Гномики в табачном дыму - Тамаз Годердзишвили 24 стр.


Ираклий опрометью кинулся назад.

- Ах ты паршивец! - Тебро ворвалась в комнату. - Покоя от тебя нет! Что тебе неймется!

- Что… Что… - забурчал малыш.

- Зачем зря воду льешь! Зачем открываешь кран?!

- Чтобы кончилась вода!

- Зачем ей кончаться?! С ума сведет этот мальчишка!

- Не хочу умываться, не хочу каждый день руки и ноги мыть! - раскричался Ираклий (о том, что один лимонад будет пить, если вода кончится, он промолчал).

Тебро и сейчас переживала, вспоминая, как отлупила тогда малыша, но Ираклий не плакал. Он никогда не плакал. А дворник и на другое утро бушевал. Тебро, отчитывая внука, забыла закрыть кран.

Было бы кому слушать, бабушка Тебро без конца рассказывала бы о проделках внука.

Потом мальчик пошел в школу и совсем отбился от рук. Правда, учительница все равно любила его. Учился он легко, быстро все усваивал. Только девятку никак не удавалось ему написать, и учительница не знала, как помочь. В конце концов мальчик сам нашел выход: поворачивал тетрадку и писал шестерку. Тебро, радуясь его сообразительности, говорила соседкам: "В первом классе до этого додумался, милые, а потом-то что будет!" - и умиленно вытирала слезу.

- Доконает тебя мальчишка, Тебро, - посмеивались соседки.

- И пусть! Не вечно под небом ходить! Одна вот беда, кроме меня, никого у бедняжки нет.

- Дай же тебе бог здоровья! - сочувствовали ей женщины.

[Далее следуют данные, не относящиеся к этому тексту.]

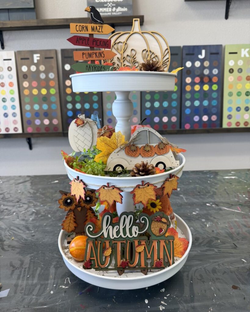 Tiered trays are everywhere on social media, and people are constantly looking for new seasonal décor sets! Create mini fall scenes with small pumpkins, wooden signs, tiny lanterns, and seasonal figurines that fit perfectly on three-tiered trays. The key is making everything cohesive with a specific color scheme or theme. Complete sets sell for $35-55, and you can source materials affordably from craft stores. People love switching out their tiered tray décor seasonally, so this has great repeat customer potential.

Однажды, когда бабушка Тебро пошла на собрание в школу, а Рыжик остался дома, кто-то несмело постучал в дверь.

- Войдите.

В комнату вошел мужчина.

- Бабушки нет дома, - сказал мальчик.

Незнакомец молчал, глаза у него были мутные.

Рыжик растерялся и повторил:

- Бабушки нет дома.

- Ничего, обожду, - и незнакомец двинулся к тахте, но, прежде чем сесть, спросил: - Можно подождать?

Мальчик не ответил.

Человек закурил и вздохнул.

- Подойди ко мне, сынок, - сказал он после долгого тягостного молчания.

Рыжик не шелохнулся.

- Поди сюда, говорю! - повысил голос мужчина. Потом встал и сам подошел к нему - в нос мальчику ударил винный перегар.

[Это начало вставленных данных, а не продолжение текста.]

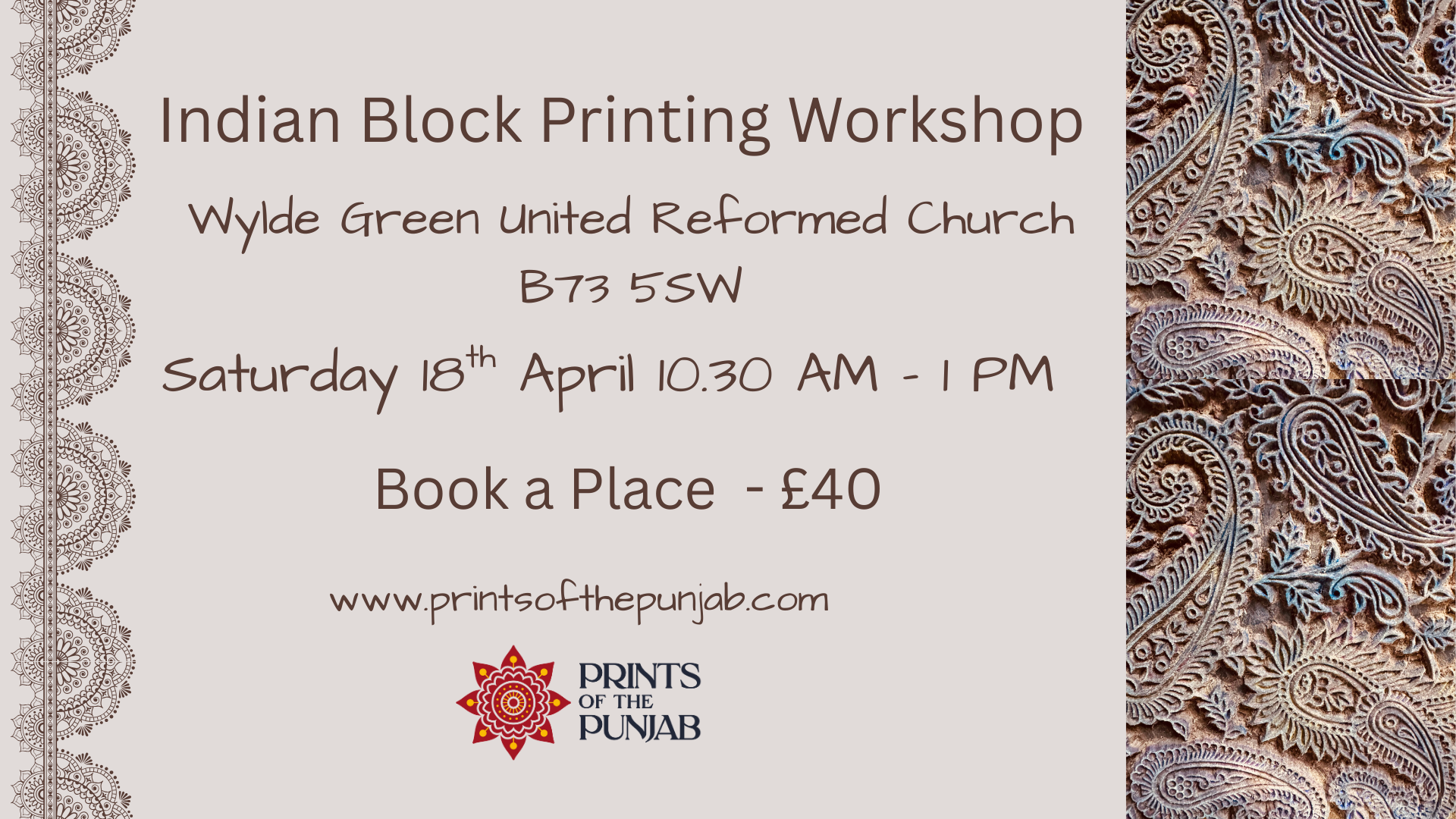 Indian Block Printing Workshop - Create Hand-Printed gifts - Saturday 18th April 2026- 10.30 AM - 1 PM in Sutton Coldfield

Вспомнились слова бабушки: "Ни совести у него, ни стыда!" И он испуганно прижался к стене.

- Ты знаешь, что у тебя есть отец?! Может, скрывают?! - громко спросил мужчина и уткнулся взглядом в пол.

"Да разве он отец, такого ангелочка бросил из-за какой-то дряни!" - опять прозвучали в голове слова бабушки.

- Чего молчишь! Отвечай, когда спрашивают!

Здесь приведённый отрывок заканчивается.